Apache Airflow is an open-source platform designed to create, schedule, and manage data workflows automatically. Initially developed by the team at Airbnb in 2014, Apache Airflow has since become one of the most popular tools in the data analysis and Big Data processing ecosystem.

Apache Airflow in data analysis brings several significant benefits, including:

- Operational Efficiency: By automating workflows, the time and effort required to execute routine tasks can be significantly reduced, enhancing overall operational efficiency.

- Consistency: Apache Airflow ensures that workflows are executed consistently according to predefined definitions, reducing the risk of human errors and improving result accuracy.

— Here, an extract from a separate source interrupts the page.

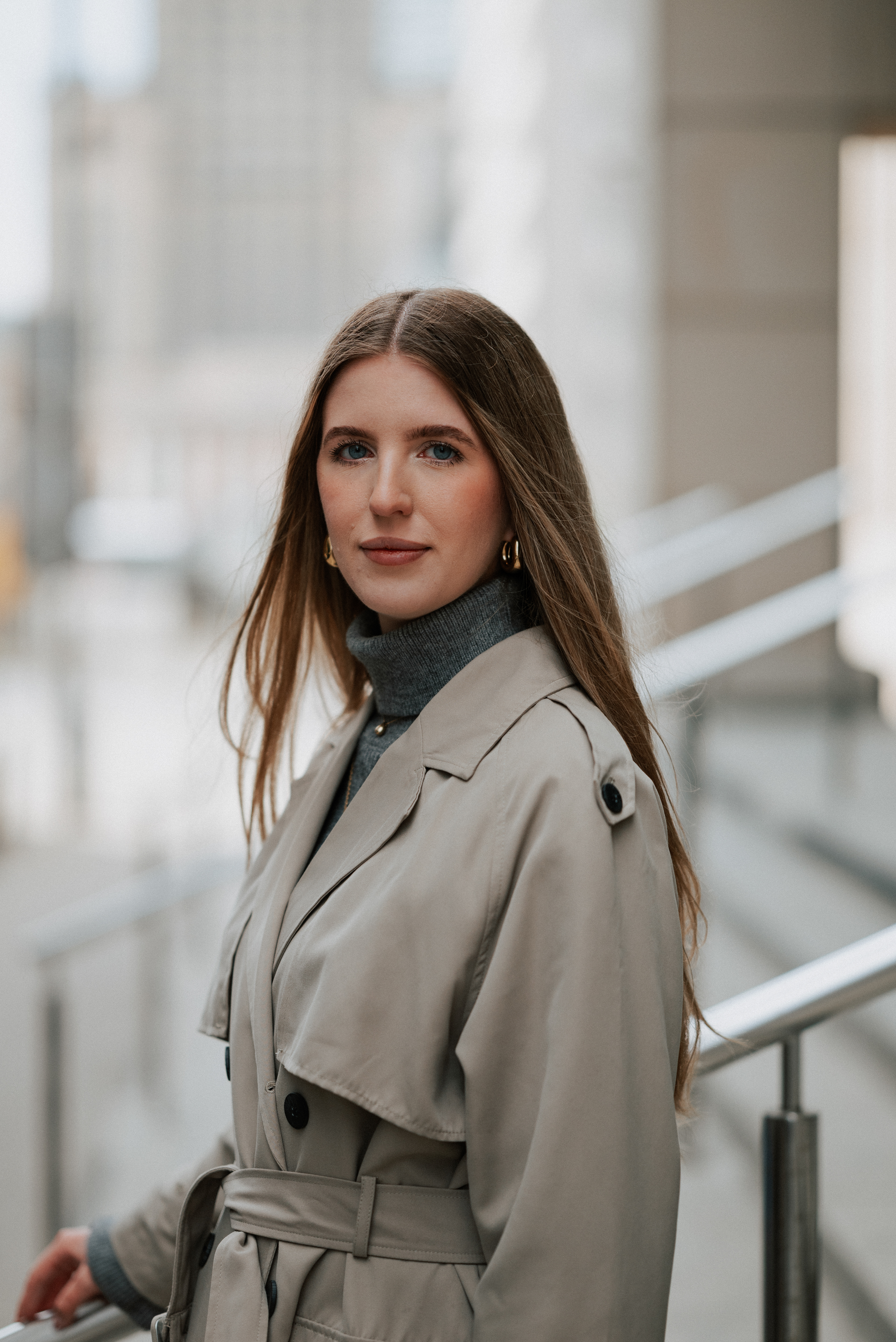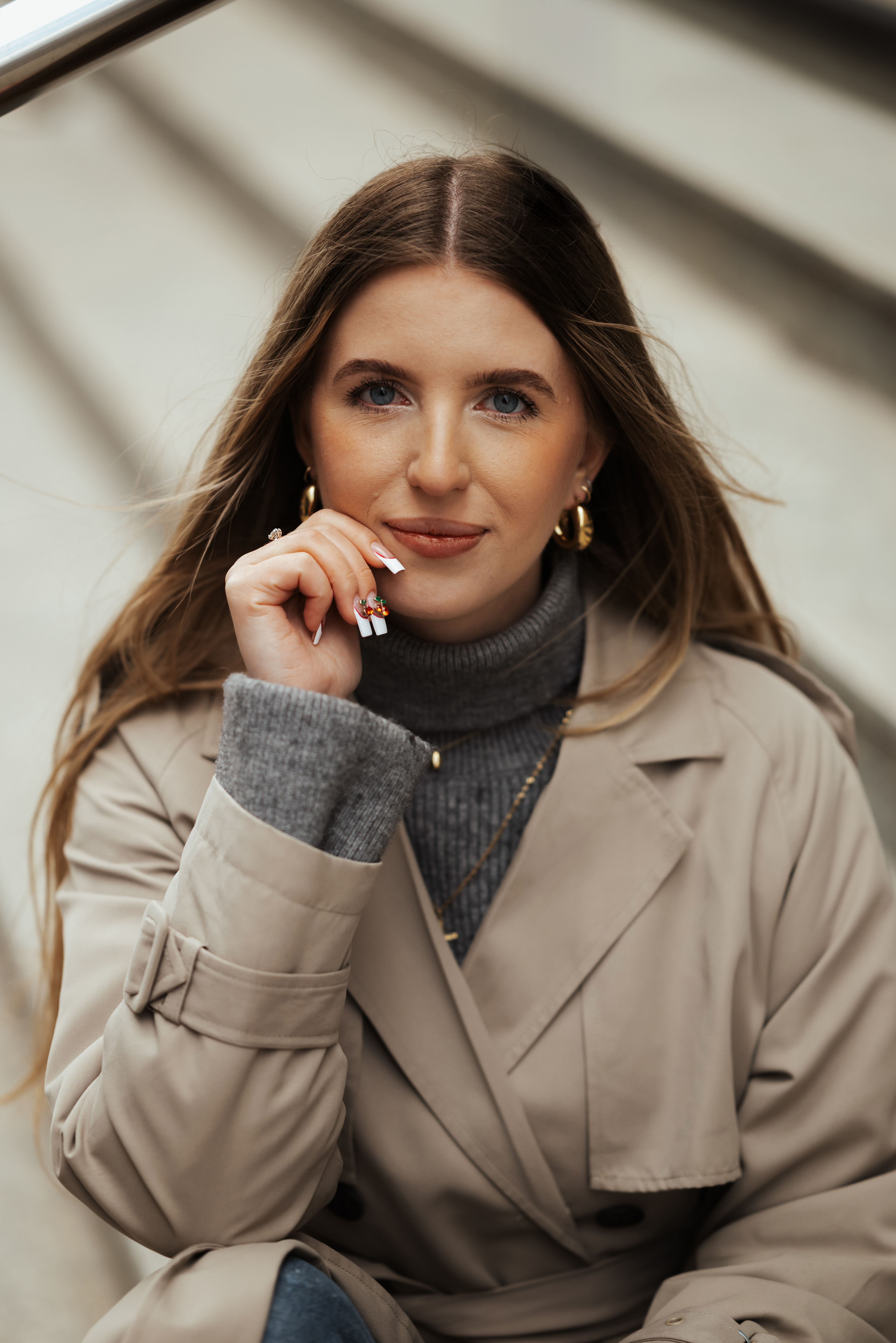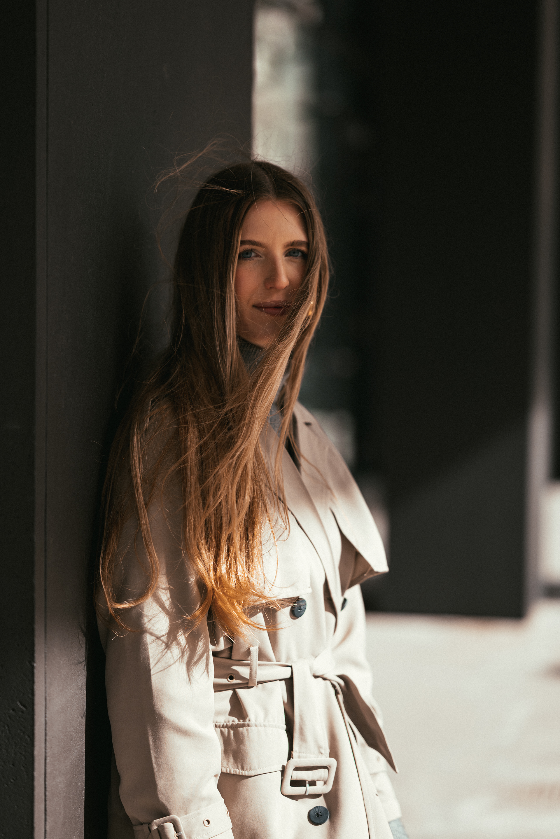 Monika ma w sobie spokój. Delikatność, która nie potrzebuje wielu słów. Wystarczyła chwila, byśmy złapały wspólny rytm. Zatrzymywałyśmy się tam, gdzie światło najpiękniej rysowało linię wokół niej – na schodach, w przejściu, przy barierkach.

- Scalability: With the ability to handle complex workflows and large scales, Apache Airflow enables organizations to grow alongside their data expansion without sacrificing performance.

- Flexibility: This platform allows users to easily customize workflows to meet changing business needs, facilitating quick adaptation to environmental changes.






## Apache Airflow Components

To support the workflow management, Apache airflow has many components around. 

![airflow component.png](https://airflow.apache.org/docs/apache-airflow/2.0.1/_images/arch-diag-basic.png)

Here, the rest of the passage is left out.